Fotografisch kaum zu fassen: Le cyclop – Foto: JvdL


Das enorme Fundament des Cyclops lässt vermuten, dass Tinguely bereits in den Anfängen eine Vorstellung von der späteren Größe seines Cyclops gehabt haben muss. Heute erhebt sich zwischen den Baumwipfeln eine 22 Meter hohe Eisen- und Stahlkonstruktion mit einem Gewicht von etwa 300 Tonnen.

Das Gesicht des Cyclopen – Foto: Susanne Braun – zum Vergrößern bitte klicken!

Das verspiegelte Gesicht des Cyclopen wurde von der Malerin und Bildhauerin Niki de Saint Phalle gestaltet. Einzelheiten seines Innenlebens waren von Zufallsfunden bestimmt. Man verbaute, was der örtliche Schrotthändler bereitstellen konnte und schreckte auch nicht vor Diebstahl zurück. Den in 20 Metern Höhe montierten Güterwaggon, zum Gedenken an die im Nationalsozialismus deportierten und ermordeten Juden, schleppte man ungehindert von einem Abstellgleis der nationalen Eisenbahngesellschaft Société nationale des chemins de fer français (SNCF), derweil die Bahnbeamten gerade streikten. Für den Waggon hat die Materialkünstlerin Eva Aeppli 28 Puppen mit eindrucksvollen Gesichtsmasken und in langen braunen Gewändern geschaffen und damit ein Denkmal der Trauer gesetzt.

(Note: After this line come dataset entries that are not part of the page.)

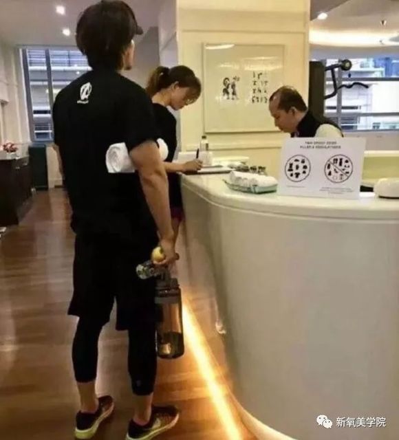 林志玲和言承旭被拍到一起去健身房,言承旭站在一边,林志玲在柜台签名。
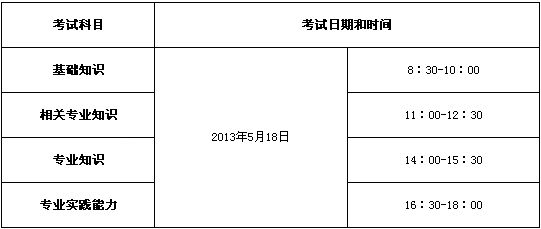 2013年內科主治醫師考試時間確定為2013年5月18日,具體考試安排如下:
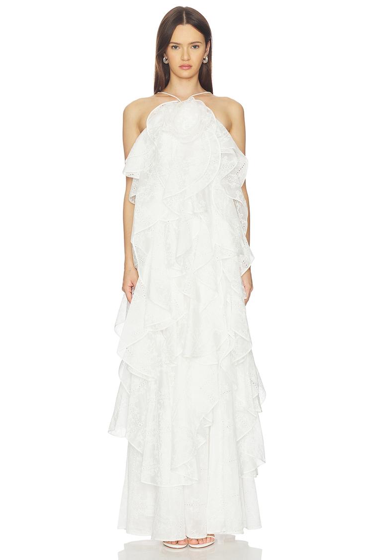 Softly tiered ruffles cascade over a flowing column silhouette, crafted from heavyweight embroidered chiffon with a fully lined finish. The halter neckline and tie-back closure add a romantic and elegant touch, making this white maxi gown perfect for formal occasions, cocktail parties, and weddings. Its sleeveless, strapless style ensures comfort and breathability for spring and summer events, while the intricate embroidery and layered hemline elevate its sophisticated charm.

So hat Tinguelys zweite Ehefrau Niki de Saint Phalle dem Cyclopen sein heiteres Gesicht gegeben, während das Werk seiner ersten Ehefrau Eva Aeppli ihm Bedeutungsschwere verleiht. Als Betrachter rätselt man über das Innenleben des Cyclopen wie die frühen Menschen, als sie sich staunend über das erstmals freigelegte Innere ihres Mitmenschen gebeugt haben. Und wie aus dem Gedärm des Menschen bisweilen rätselhafte Geräusche tönen, scheppert, quietscht, knallt und kracht es gelegentlich aus dem Inneren des Cyclopen. Polierte Metallkugeln werden von einem Transportsystem nach oben befördert, um dann lärmend durch eine roh verschweißte Kugelbahnkonstruktion nach unten zu stürzen. Ein gigantisches Räderwerk setzt sich und andere Bauteile in Bewegung, um letztlich nichts als Getöse hervorzubringen.

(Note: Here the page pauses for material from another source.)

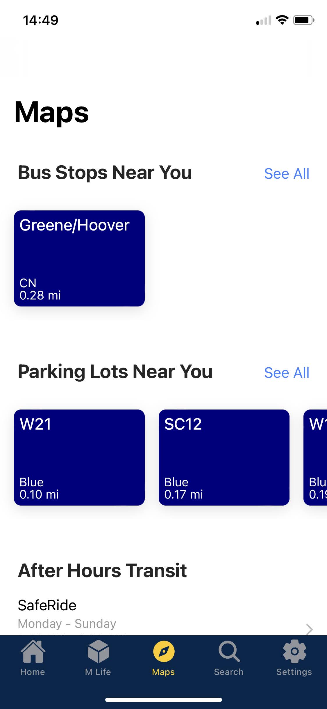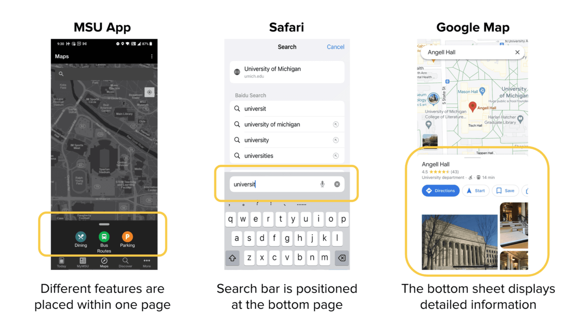 We analyzed how other apps organize and present information, including the M-Bus app, Penn State’s and Michigan State’s university apps. We also took inspiration from widely used apps like Safari, Google Maps, and Apple Maps to explore familiar patterns and intuitive design approaches.

Die kinetische Gewalt der Konstruktion im Zusammenwirken mit Rost und Korrosion bringt Verschleiß mit sich. Tinguely hat keine Anweisung für die Restaurierung seines Werks hinterlassen, so dass die öffentlich bestellten Restauratoren (die Plastik gehört inzwischen dem französischen Staat) vor der Frage stehen, wie sie Bauteile ersetzen können, ohne die Einheit des Gesamtkunstwerks zu zerstören. Was einst durch Materialfunde und spontane Eingebung willkürlich entstand, wird auf diese Weise zum buchhalterlich konservierten Gedöns.

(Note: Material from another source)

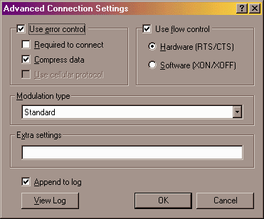 Other initialization string settings are available through various resources on the internet. Customized command sets should also be available from each respective modem manufacturer.
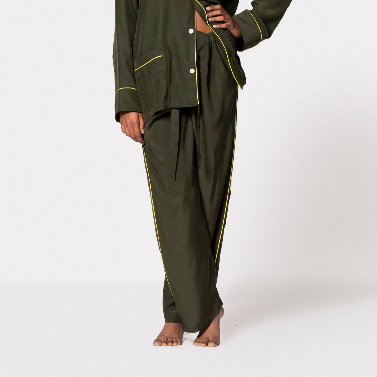 The Leisurewear Set, The Pant, and The Robe are to Dry Clean Only.

Normalerweise ist der Cyclop begehbar, enthält in seinem Inneren Objekte und Plastiken verschiedener Künstler. Coronabedingt darf das Innere leider derzeit nicht betreten werden.

Klaus lächelt

Festplatten-Fundstück, Grafik: JvdL Heute habe ich den ganzen Tag herumgesessen und erfolgreich gar nichts getan. Deshalb gibt es nur ein Festplatten-Fundstück, eine Gif-Animation, die ich irgendwann aus einer Zeichnung gefertigt habe und für die ich keine Verwendung hatte. Jetzt dokumentiere ich damit mein Nichtstun.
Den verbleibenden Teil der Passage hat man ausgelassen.